5. Statistical profile of captions and QA pairs

JL1-CC provides 17,021 quality-verified captions describing diverse land-cover transformations (Liu et al., 30 Jun 2026). The paper reports that 25,000 candidate captions were generated at five per image pair and then filtered down to 17,021, giving a 68.1% pass rate. The selected captions average 26.2 words in length and contain 7,458 unique tokens. The judge score distribution is reported as 39.8% of captions scoring 9–10, 42.3% scoring 7–8, and 17.9% scoring below 7 and being rejected (Liu et al., 30 Jun 2026).

JL1-QA contains 20,060 QA pairs retained from 24,995 generated QA pairs, corresponding to an 80.3% pass rate, which the paper states is higher than JL1-CC because the QA generation stage is context-enriched using verified captions (Liu et al., 30 Jun 2026). The average question length is 11.1 words and the average answer length is 19.3 words. The selected QA pairs are distributed across all eight types, with YES/NO most frequent at 21.2%, followed by WHERE at 18.3% and WHAT at 16.9% (Liu et al., 30 Jun 2026).

The paper also reports qualitative indicators of lexical and semantic diversity. A word cloud for captions shows prominent terms such as upper, lower, bare soil, agricultural, building, road, and water, which it interprets as reflecting both spatial language and land-cover diversity (Liu et al., 30 Jun 2026). Together with the CAR histogram and QA-type distribution, these analyses are used to argue that the generated annotations are diverse, spatially grounded, and quality-controlled.

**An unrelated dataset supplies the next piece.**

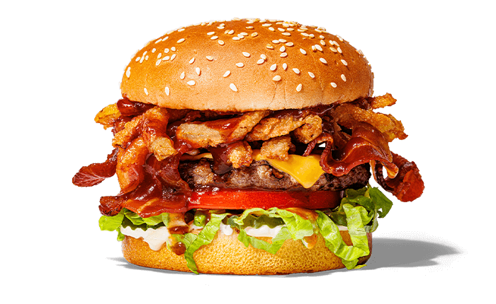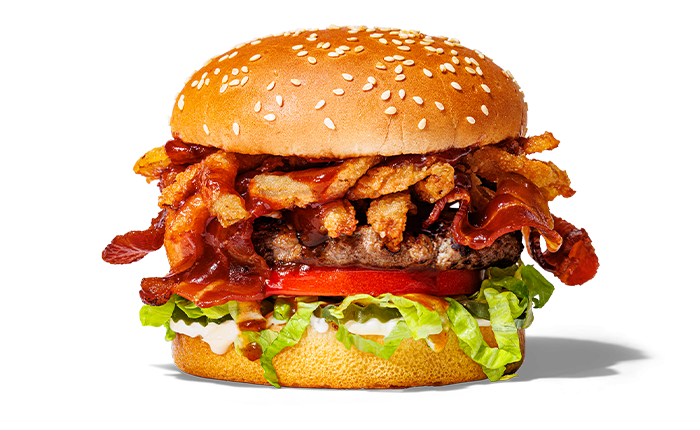 Freshly chargrilled beef patty topped with American cheese, hickory-smoked bacon, BBQ sauce, crispy onion tanglers, crisp lettuce, fresh tomato, pickles, and mayo on a toasted seeded bun.

Notably, the paper’s emphasis is on construction quality and descriptive statistics rather than broad downstream benchmarking. It presents caption and QA score histograms, the CAR distribution over the 5,000 image pairs, and the distribution of the eight QA types, but does not include a full leaderboard, task-specific benchmark results, or model comparison tables for captioning or QA performance in the excerpt provided (Liu et al., 30 Jun 2026).

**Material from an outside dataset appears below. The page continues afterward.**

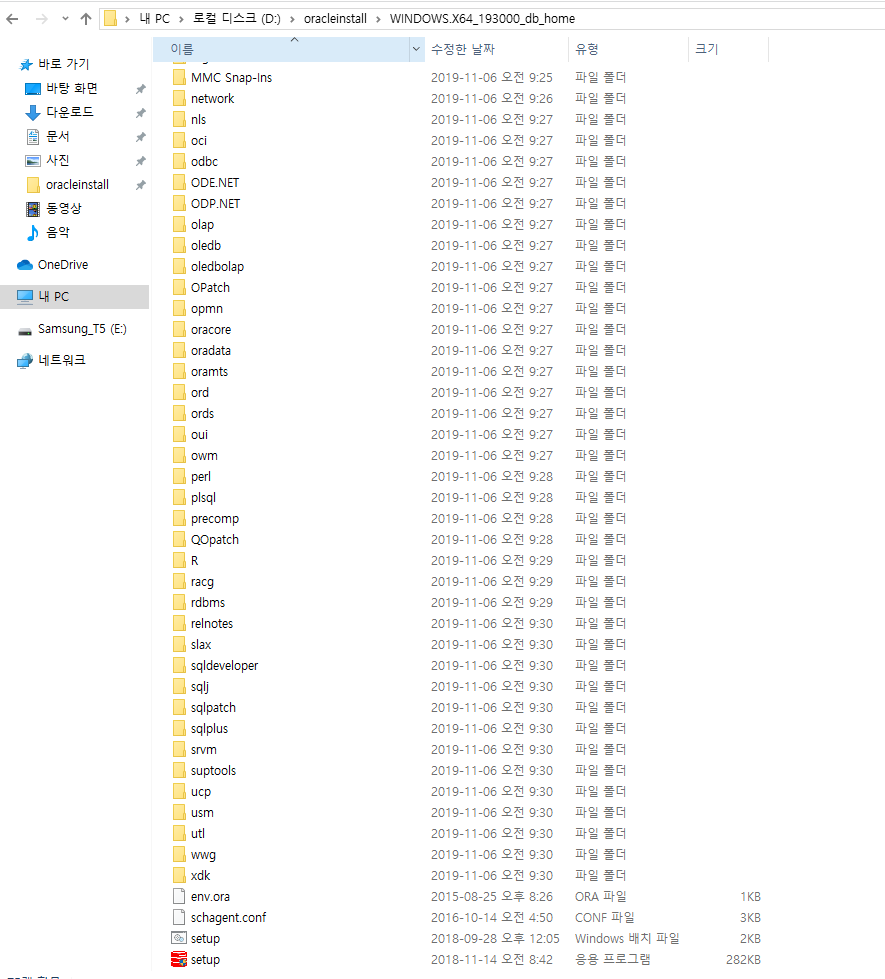 1. oracleDB 안의 압축의 해체한 파일 폴더를 들어간다.

6. Significance, use cases, and limitations

The paper states three principal contributions. First, it constructs a change understanding benchmark with binary change masks, natural-language change descriptions, and QA pairs over 5,000 bi-temporal satellite image pairs. Second, it introduces a scalable and reproducible annotation pipeline combining multi-modal LLM generation, vision-grounded LLM judging, and human verification. Third, it provides comprehensive dataset statistics together with public release of the data and code (Liu et al., 30 Jun 2026).

Its broader contribution is to facilitate joint learning and evaluation across CD, CC, and QA for remote sensing (Liu et al., 30 Jun 2026). Because the masks, captions, and questions are aligned on the same image pairs, the benchmark can support cross-task supervision and cross-task evaluation. This suggests a setting in which pixel-level localization, free-form semantic description, and interactive QA are not isolated benchmarks but coordinated views of the same underlying change event.

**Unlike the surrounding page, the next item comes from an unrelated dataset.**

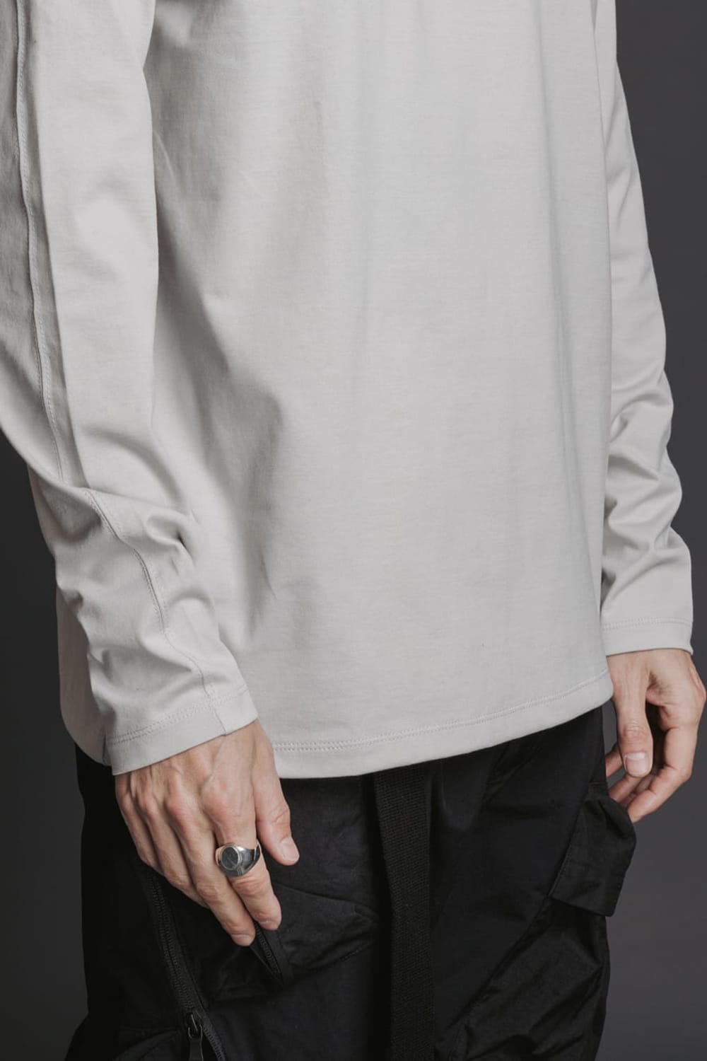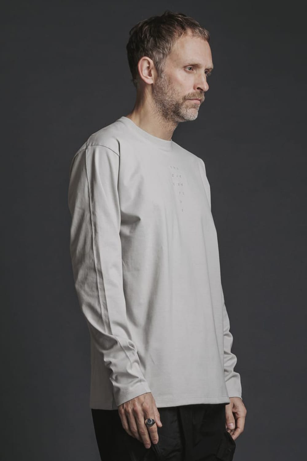 刺繍天竺長袖Tシャツ Lグレー

The paper is correspondingly modest about limitations. JL1-CC&QA is built from a single sensor family and a single modality—RGB Jilin-1 optical imagery—so it does not directly address multispectral, hyperspectral, SAR, or cross-modal change understanding (Liu et al., 30 Jun 2026). The annotation pipeline relies heavily on LLM-generated text and automated judging, which, although grounded and human-checked, may still inherit biases, style artifacts, or coverage limitations from the prompt design and the selected taxonomy. The QA set is constrained to eight question types, which, while broad, does not fully span open-world dialog or complex multi-turn reasoning. Finally, the paper emphasizes construction and statistics more than downstream baselines, so the practical performance ceiling and task difficulty for existing models are not fully quantified in the excerpt (Liu et al., 30 Jun 2026).

In summary, JL1-CC&QA is a carefully designed extension of JL1-CD that transforms a classic binary change detection corpus into a richer benchmark for semantic change captioning and natural-language QA. Its defining characteristic is the unification of masks, captions, and questions on the same 5,000 bi-temporal Jilin-1 pairs, with 17,021 verified captions and 20,060 verified QA pairs produced through a three-stage, quality-controlled annotation pipeline (Liu et al., 30 Jun 2026).